The Rules: Time-Tested Secrets for Capturing the Heart of Mr. Right
- The Rules book cover
- Author: Ellen Fein Sherrie Schneider
- Cover artist: Diane Luger
- Language: English
- Subject: Relationships, Dating
- Genre: Self-help
- Publisher: Grand Central Publishing, (Warner Books)
- Publication date: February 14, 1995
- Publication place: United States
- Media type: Print
- Pages: 192
- ISBN: 0-446-51813-1
- OCLC: 30915354
- Dewey Decimal: 646.7/7-20
- LC Class: HQ801. F44 1995
- Followed by: The Rules II: More Rules to Live and Love By

= The Rules =

1995 book by Ellen Fein and Sherrie Schneider

The Rules: Time-tested Secrets for Capturing the Heart of Mr. Right is a self-help book by Ellen Fein and Sherrie Schneider, originally published in 1995.

The book suggests gendered dating rules that a woman should follow in order to attract and marry the man of her dreams; these rules include that a woman should be "easy to be with but hard to get". The underlying philosophy of The Rules is that women should not aggressively pursue men, but rather, should encourage the men to pursue them. A woman who follows The Rules is called a Rules Girl.

== Reaction ==
The book generated much discussion upon its release. Some audiences considered it useful and motivational, while others felt that it was outdated, anti-men and antifeminist, or a how-to guide that teaches women to play games that toy with men. Psychology lecturer and therapist Meg-John Barker claims that the emergence of seduction communities happened "almost as a direct response to this hard-to-get femininity". Others noted that Fein was an accountant and Schneider a freelance journalist without professional qualification in the subject matter. Fein married Paul
Feingertz in 1984 and divorced him in 2000, citing abandonment; she married Lance Houpt in 2008. Schneider has been married for over 21 years. The authors admitted they were not professionals in an appearance on NBC's The Today Show.

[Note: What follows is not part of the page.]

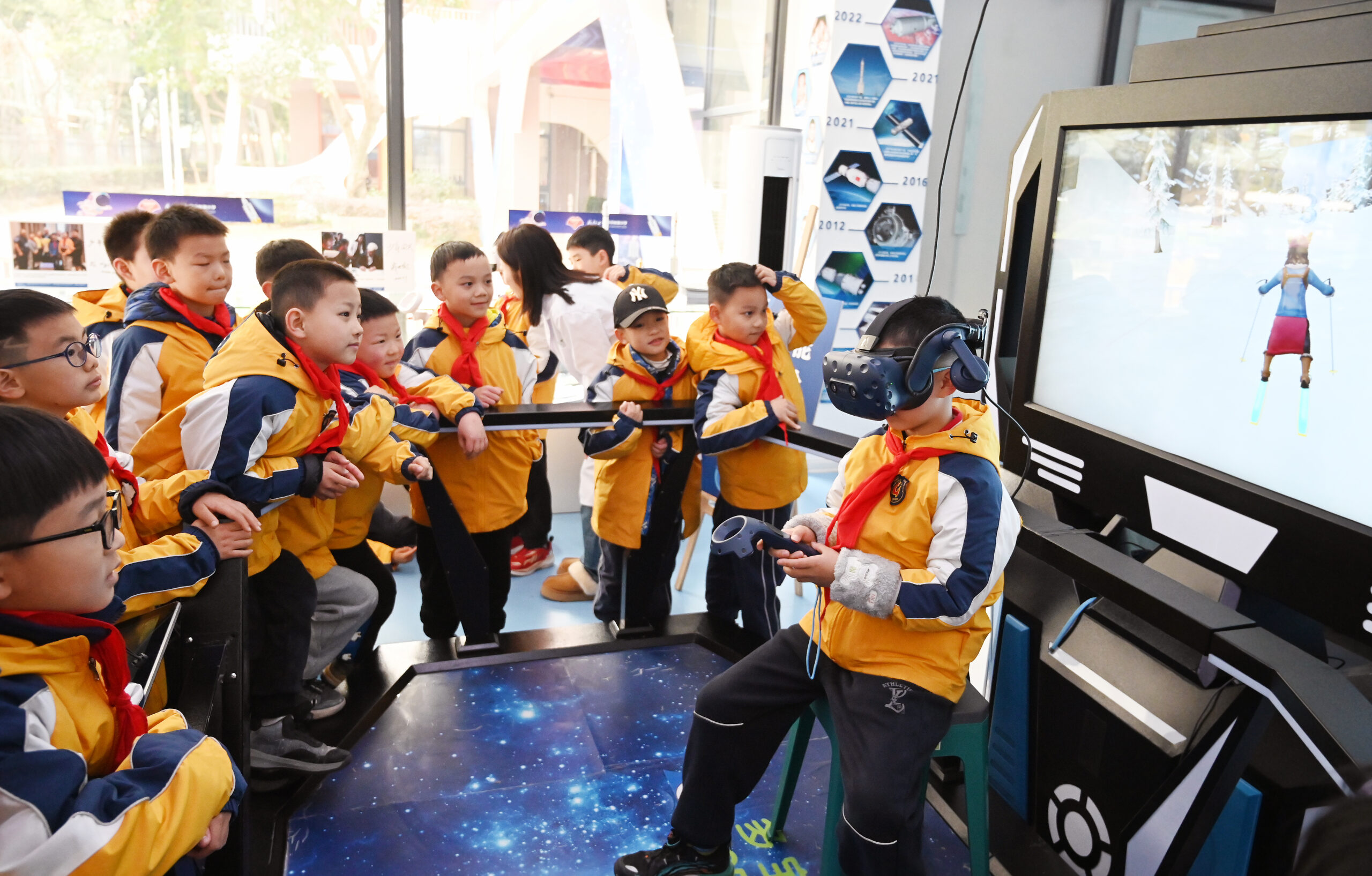 2月26日,四川省成都市中小学幼儿园春季学期正式开学,成都七中初中附属小学学生在学校科技馆体验VR视...

They have countered the criticism regarding their credentials by citing the results of actually following The Rules, though there is no body of evidence to support this.

== Subsequent books ==

The book was followed by The Rules II, The Rules for Marriage, The Rules for Online Dating, and All the Rules. In The Rules II: More Rules to Live and Love By, published in 1997, Fein and Schneider proclaim, "If he doesn't call, he's not that interested. Period!" (p. 60). In 2001 the follow-up book The Rules for Marriage: Time-Tested Secrets for Making Your Marriage Work was released in the midst of Fein's legal separation from her husband to whom she had been married for sixteen years. Fein commented on her divorce by saying that she had "married the right man" for her at that stage in her life. Her argument was that after having written a best seller and raising two children, she and her husband discovered they were two different people from the young couple that fell in love. Fein married for the second time in 2008; she claimed to have followed The Rules to attract her second husband, with the exception that they dated for three years rather than two (as “The Rules II” advises) before becoming engaged.

== The 35 Rules ==
These are the rules as named in the original book.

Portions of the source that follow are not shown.